6 bolts, long runner
By Izzy K.
From: Boulder, CO
Jun 23, 2016

Don't worry, the run out to the first bolt is very easy.

I traversed right and ended up finishing on Don Quixote (just after the roof). I recommend trying this for some fun exposure. Since the anchors to DQ are far right, the follower had to clean the route on top.

Didn't get to go back and finish Sancho Panza, but it looks great.
By Johnathan C
From: Missouri
Oct 15, 2016

The run-out on the bottom isn't much to sweat over, but I felt the run-out at the top was sketchy, at least for new 5.11 climbers. It's jug city after the last bolt to the anchors, but it's quite run-out, so it's pretty freaky when you're pumped out. My friend used a sling to feel safer at this section. I think that would be the way to go.
By Ryan Stefani
Nov 29, 2016

To second what everyone else said: the last bit to the anchors is much easier than the rest of the route. Probably 5.8 or less. However, if you bring a 2'/60cm runner, you can thread a hueco quite a bit above the last bolt. That makes it feel not run out at all!

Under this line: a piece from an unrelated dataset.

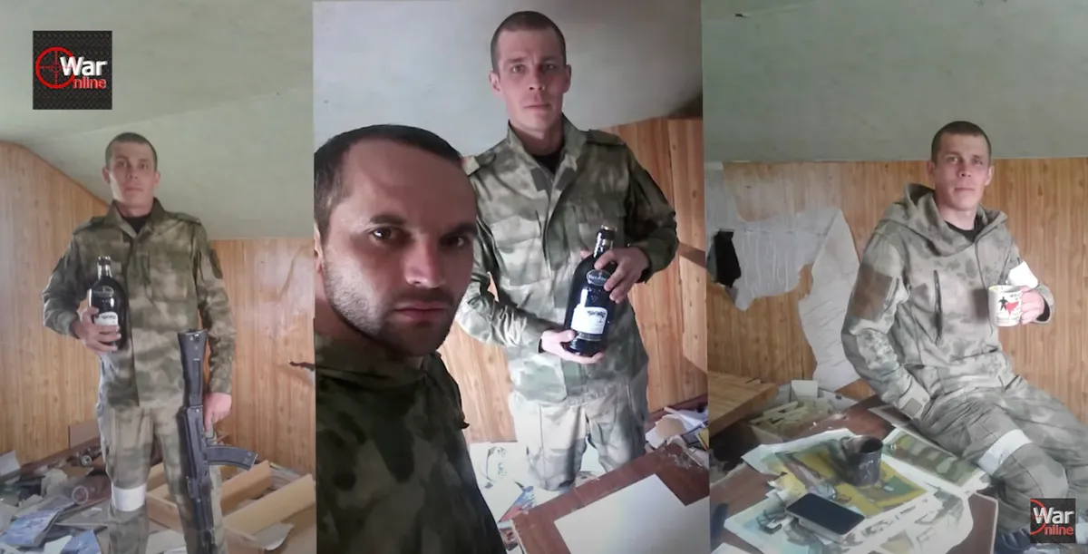Первое видео из Украины, снятое 30-летним Дятловым, датировано 28 апреля. В ролике он рассказывает, как они с «братиком» Зухрабом вошли в один из оставленных домов в селе Новая Каменка Херсонской области. Владислав показывает, как они с солуживцем пьют украденный алкоголь, а также сообщает, что они в доме «все разъебали, золото искали, но не нашли». Позже он все-таки находит в доме гривны.

Also, regarding the start, it is also less than 5.8 to get to the bolt. However... Getting to the ledge is like 5.2. Then you have to leave the ledge a make a few easy moves up. Even though they are 5.4 or 5.5, that is a LONG way off the deck. I used a runner around the short and fat tree on the ledge, then clipped a draw to that runner to reduce drag.

I guess the point is, this route has "normal" things you'd do on a trad route. Just make sure you're head is turned on and you have more than the exact # of draws you need and it's fine.
By Allen Lee
From: Branson, MO
Dec 15, 2016

Fun movement. A little spicy run out or two and maybe a spinner on the third or fourth bolt.